Поединок в деревне

Александр Рубцов
Это осеннее утро обозначилось полным безветрием, инеем – шершавым, как наждачная бумага и чистым, стеклянно-бирюзовым небом. Солнце, приподнявшись над зубастым горизонтом, уронило первые лучи на небольшую деревню, как будто, давая ей знать, что оно заступило на свою извечную вахту.
Проснувшись, Семён с неохотой открыл глаза и так же нехотя посмотрел в окно. Состояние организма, в отличие от погоды, было ужасным: голова разламывалась, во рту - словно стадо слонов пробежало и нагадило, внутри, где-то там, в душе, потряхивал мандраж. Нужно было сделать усилие и подняться: нестерпимо хотелось пить, Зинки же, чтоб выручить мужа в эту нелёгкую минуту, рядом не было.

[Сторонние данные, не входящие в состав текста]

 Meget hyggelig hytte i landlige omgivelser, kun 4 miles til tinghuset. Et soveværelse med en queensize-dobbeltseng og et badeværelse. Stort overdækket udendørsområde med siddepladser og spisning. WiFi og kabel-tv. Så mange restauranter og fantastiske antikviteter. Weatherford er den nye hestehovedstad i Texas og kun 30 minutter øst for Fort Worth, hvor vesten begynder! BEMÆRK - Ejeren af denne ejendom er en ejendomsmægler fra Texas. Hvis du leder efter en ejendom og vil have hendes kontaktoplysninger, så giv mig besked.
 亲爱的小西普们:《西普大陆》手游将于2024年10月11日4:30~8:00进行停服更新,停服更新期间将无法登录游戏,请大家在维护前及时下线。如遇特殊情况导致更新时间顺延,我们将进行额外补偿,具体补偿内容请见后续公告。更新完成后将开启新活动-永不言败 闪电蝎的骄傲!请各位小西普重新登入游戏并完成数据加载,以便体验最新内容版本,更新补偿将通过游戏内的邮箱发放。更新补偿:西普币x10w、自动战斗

«Наверное, по хозяйству чего-нибудь ковыряется или к Никифоровне ушла, сплетничают опять», – проползла мысль в мутном мозгу Семёна.

              Семен и Зинка – средних лет пара, жили в своём доме в деревне, в пригороде краевого центра. В самой деревне работы практически не было, и потому Семён устроился в город, на стройку. Руки у него были вставлены правильно, умел он практически всё. Вот за это умение ему платили неплохие, в общем-то, деньги.

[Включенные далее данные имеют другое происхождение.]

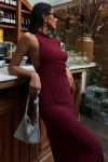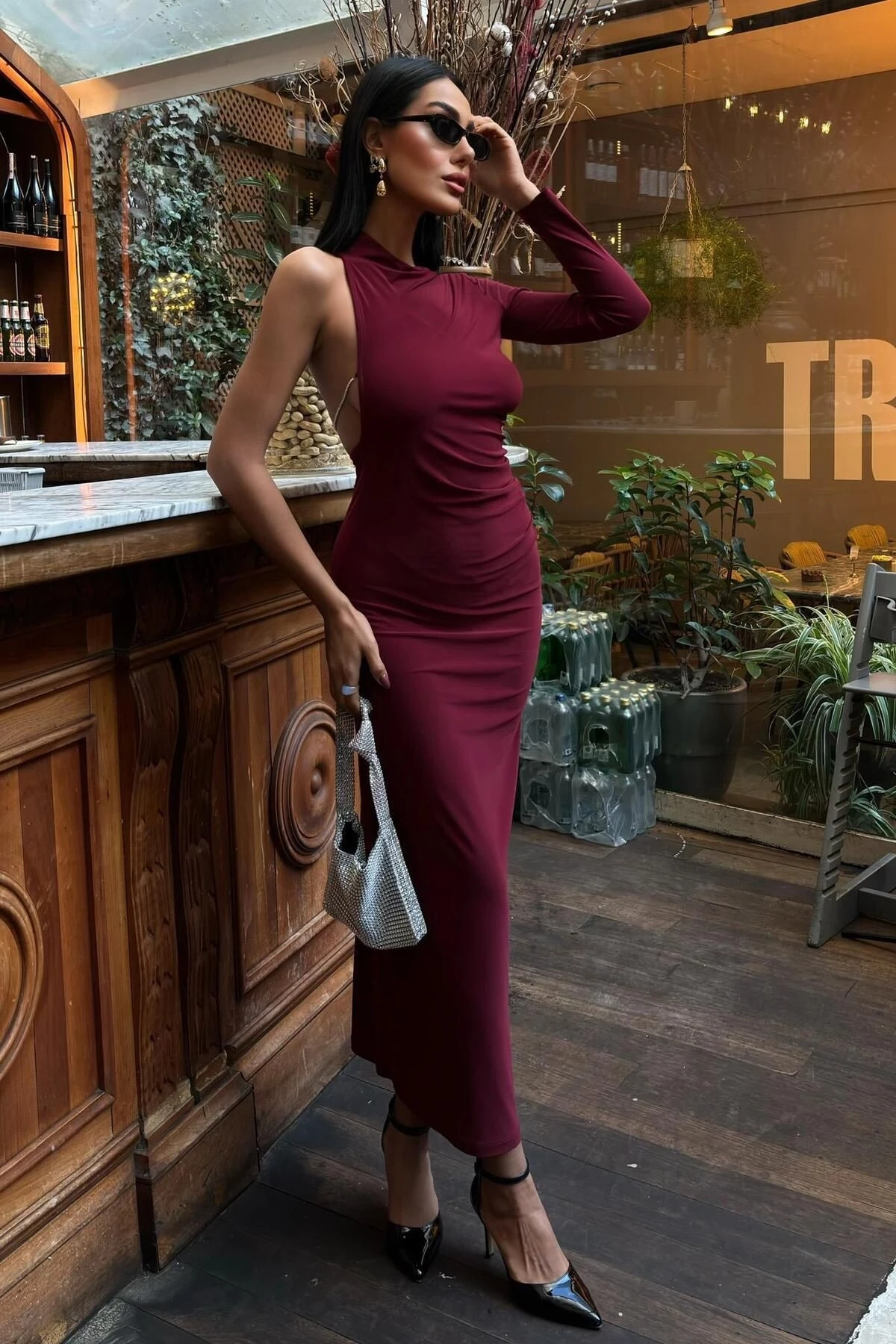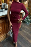 Kadın Bordo Candy Kumaş Uzun Tek Kol Elbise

Зинка, весёлая, жизнерадостная женщина, смотрела за их хозяйством, которое состояло из козла по имени Махно, козы Маруськи, козлёнка Стёпки, двух десятков куриц, кроликов штук пятнадцати да тридцати соток огорода. Этого добра им вполне хватало.

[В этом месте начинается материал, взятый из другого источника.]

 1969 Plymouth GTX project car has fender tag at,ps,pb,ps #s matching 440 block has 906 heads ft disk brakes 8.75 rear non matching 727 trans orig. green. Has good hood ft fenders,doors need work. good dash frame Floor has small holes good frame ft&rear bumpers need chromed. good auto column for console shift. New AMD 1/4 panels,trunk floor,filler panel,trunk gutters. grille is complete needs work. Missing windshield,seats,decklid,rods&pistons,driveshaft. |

Семен, считалось, мужик был не пьющий, как и множество таких же мужиков по всей нашей необъятной матушке России. Выпивал только по праздникам, по выходным, по какому-либо поводу: поросёнка у соседа кололи или сапоги-болотники купил. Ну, а сапоги купил – обмыть надо? Обязательно надо! Это вам любой мужик скажет, а иначе они долго не проходят, порвутся, сгорят, или ещё какая печальная участь их ожидает. Ну и так ещё выпивал… когда душа просила. Вот вчера два таких повода и совпали: была пятница, вечер, то есть уже выходной, и душа просила, ох как просила! И Семён не отказал ей, по полной программе не отказал. Да… А сегодня очень было нехорошо и в организме, и в душе. Но Семен, как и любой другой человек мужского роду, знал один верный способ борьбы с этим недугом.
Собрав волю в кулак, он отбросил одеяло и, кряхтя, поднялся с кровати. Добравшись до кухни, где стояло ведро  колодезной воды, Семён зачерпнул полный ковш и в четыре глотка осушил его.
- Ха-а-а-а, – прохрипел он довольно, ставя черпак на стол.
«Интересно, где Зинка опохмелятор прячет?» - вопрос, зародившийся с пробуждением, теперь  настойчиво постучал в сознание.
А в том, что где-то прячет, сомнений не было. У Зинки, как у порядочного хомячка, заначки были на все случаи жизни.
- Та-а-к, посмотрим здесь, - пробубнил Семён, поставив табуретку к шифоньеру.
Трясущимися руками он перебирал бельё в верхних ящиках, ища заветную поллитровку.
- Ты чего там роешься? - вопрос Зинаиды, прозвучавший неожиданно и резко «ударил» по «больным» мозгам мужа.
От испуга Семёна подбросило, и он еле успел ухватиться за угол шкафа, чтоб не свалиться.
- Епона мать! – выкрикнул побледневший мужик. – Ты чё, женщина, вдовой захотела стать?! Я, мля, наверное, поседел весь. -  Он аккуратно спустился с табурета и подошёл к зеркалу.
- Н-да, ну и рожа! - изрёк Семён, с неудовольствием глядя на отражение.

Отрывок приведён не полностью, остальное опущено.